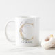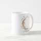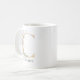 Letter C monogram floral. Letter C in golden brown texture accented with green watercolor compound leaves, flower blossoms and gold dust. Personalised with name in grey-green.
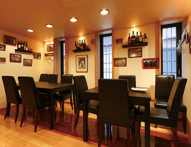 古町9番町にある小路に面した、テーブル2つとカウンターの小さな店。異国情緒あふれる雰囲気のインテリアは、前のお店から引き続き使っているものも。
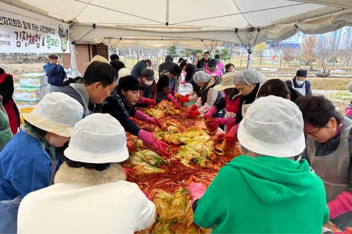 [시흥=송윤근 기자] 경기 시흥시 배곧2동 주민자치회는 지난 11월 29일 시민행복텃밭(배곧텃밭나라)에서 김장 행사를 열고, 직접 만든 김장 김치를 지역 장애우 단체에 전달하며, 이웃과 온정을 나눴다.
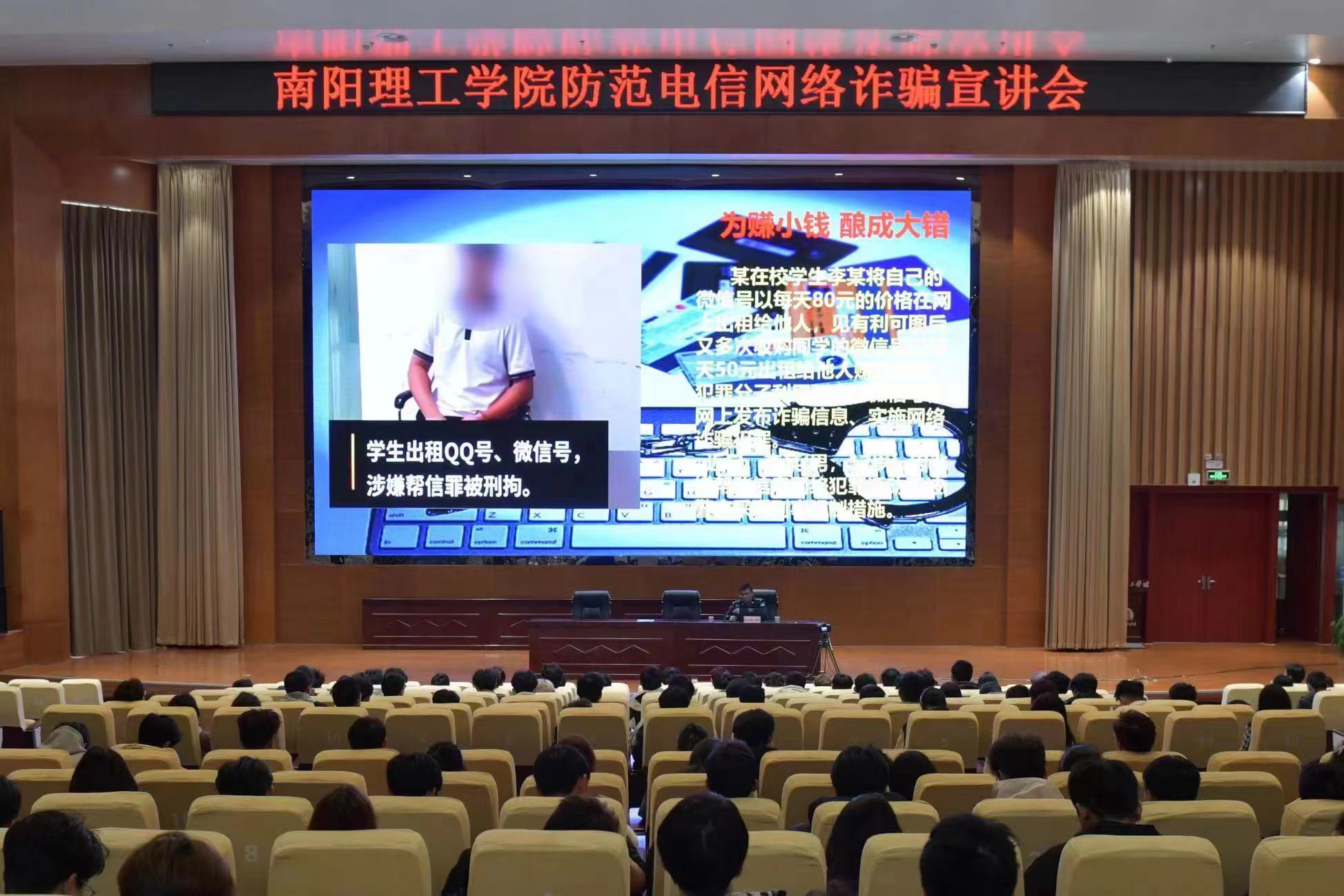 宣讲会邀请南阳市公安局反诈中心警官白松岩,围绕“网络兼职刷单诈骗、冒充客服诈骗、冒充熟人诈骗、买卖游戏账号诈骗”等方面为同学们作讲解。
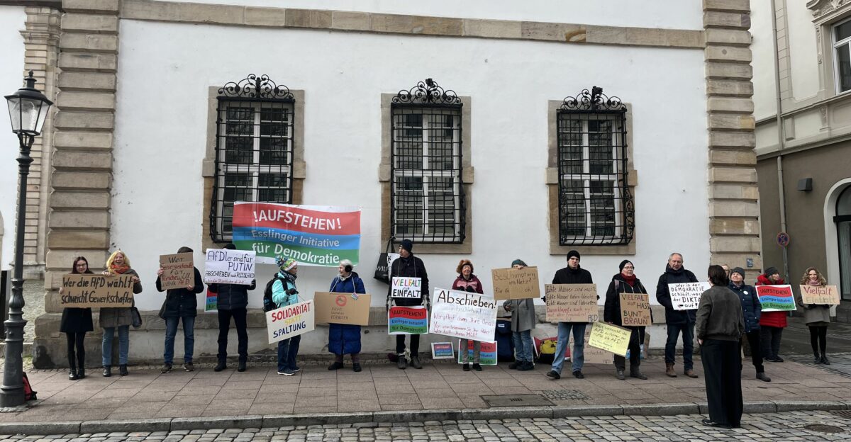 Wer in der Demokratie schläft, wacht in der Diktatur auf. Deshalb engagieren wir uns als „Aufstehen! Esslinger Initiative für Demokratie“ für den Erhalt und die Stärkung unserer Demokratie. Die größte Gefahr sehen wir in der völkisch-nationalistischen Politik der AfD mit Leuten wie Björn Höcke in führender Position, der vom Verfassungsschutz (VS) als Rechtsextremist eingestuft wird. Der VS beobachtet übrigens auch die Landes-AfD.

....................

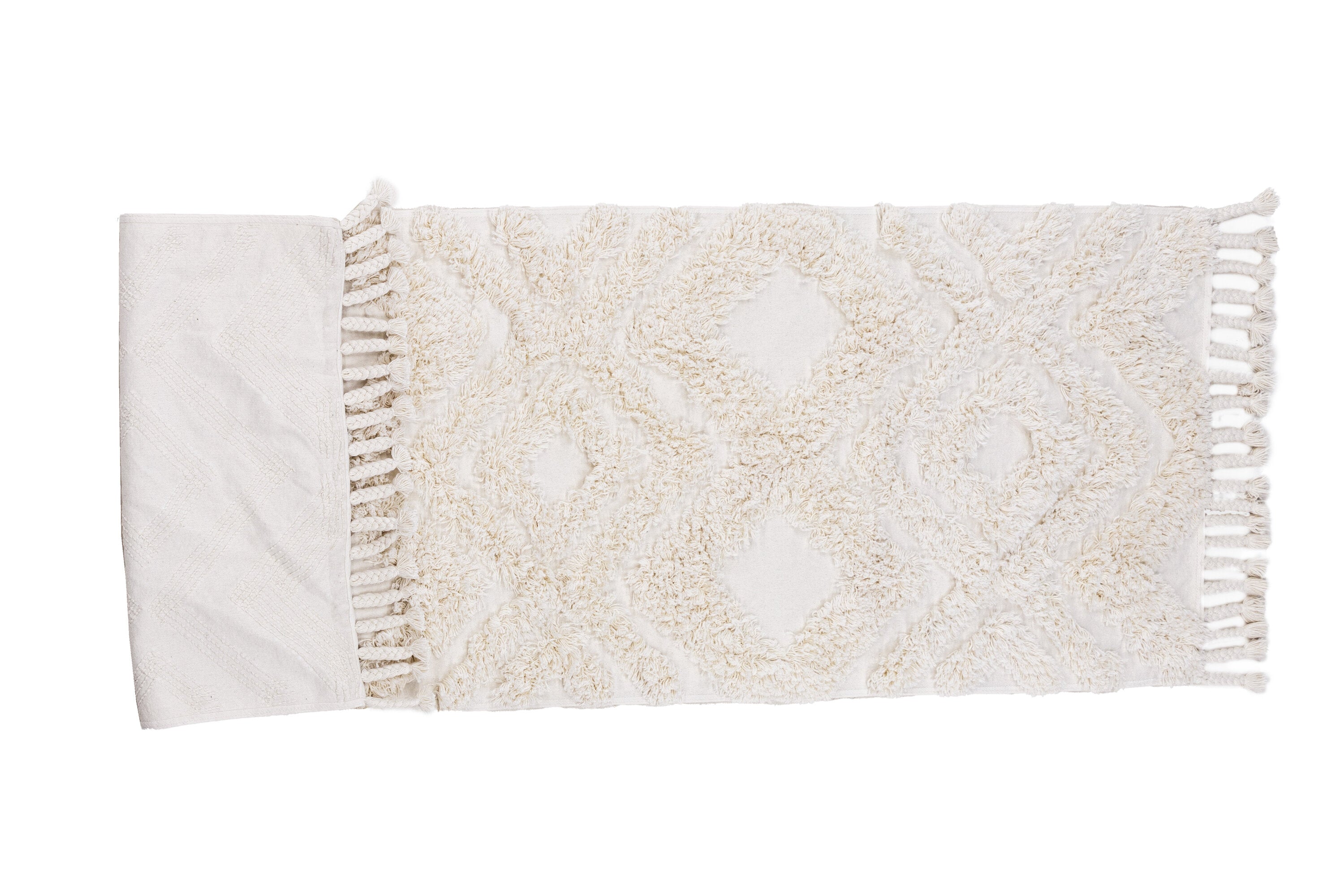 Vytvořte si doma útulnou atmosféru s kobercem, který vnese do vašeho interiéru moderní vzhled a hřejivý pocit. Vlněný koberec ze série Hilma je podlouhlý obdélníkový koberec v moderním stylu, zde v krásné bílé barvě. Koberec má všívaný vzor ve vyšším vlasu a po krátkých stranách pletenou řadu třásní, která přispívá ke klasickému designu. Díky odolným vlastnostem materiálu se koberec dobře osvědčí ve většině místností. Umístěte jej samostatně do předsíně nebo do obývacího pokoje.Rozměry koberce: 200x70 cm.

....................

- **Exercise aim**
From the material above, output only the span of lines that starts at the one containing "古町9番町にある小路に面した" and finishes at the one containing "宣讲会邀请南阳市公安局反诈中", word for word and free of pictures.

- **Answer box**
 古町9番町にある小路に面した、テーブル2つとカウンターの小さな店。異国情緒あふれる雰囲気のインテリアは、前のお店から引き続き使っているものも。
 [시흥=송윤근 기자] 경기 시흥시 배곧2동 주민자치회는 지난 11월 29일 시민행복텃밭(배곧텃밭나라)에서 김장 행사를 열고, 직접 만든 김장 김치를 지역 장애우 단체에 전달하며, 이웃과 온정을 나눴다.
 宣讲会邀请南阳市公安局反诈中心警官白松岩,围绕“网络兼职刷单诈骗、冒充客服诈骗、冒充熟人诈骗、买卖游戏账号诈骗”等方面为同学们作讲解。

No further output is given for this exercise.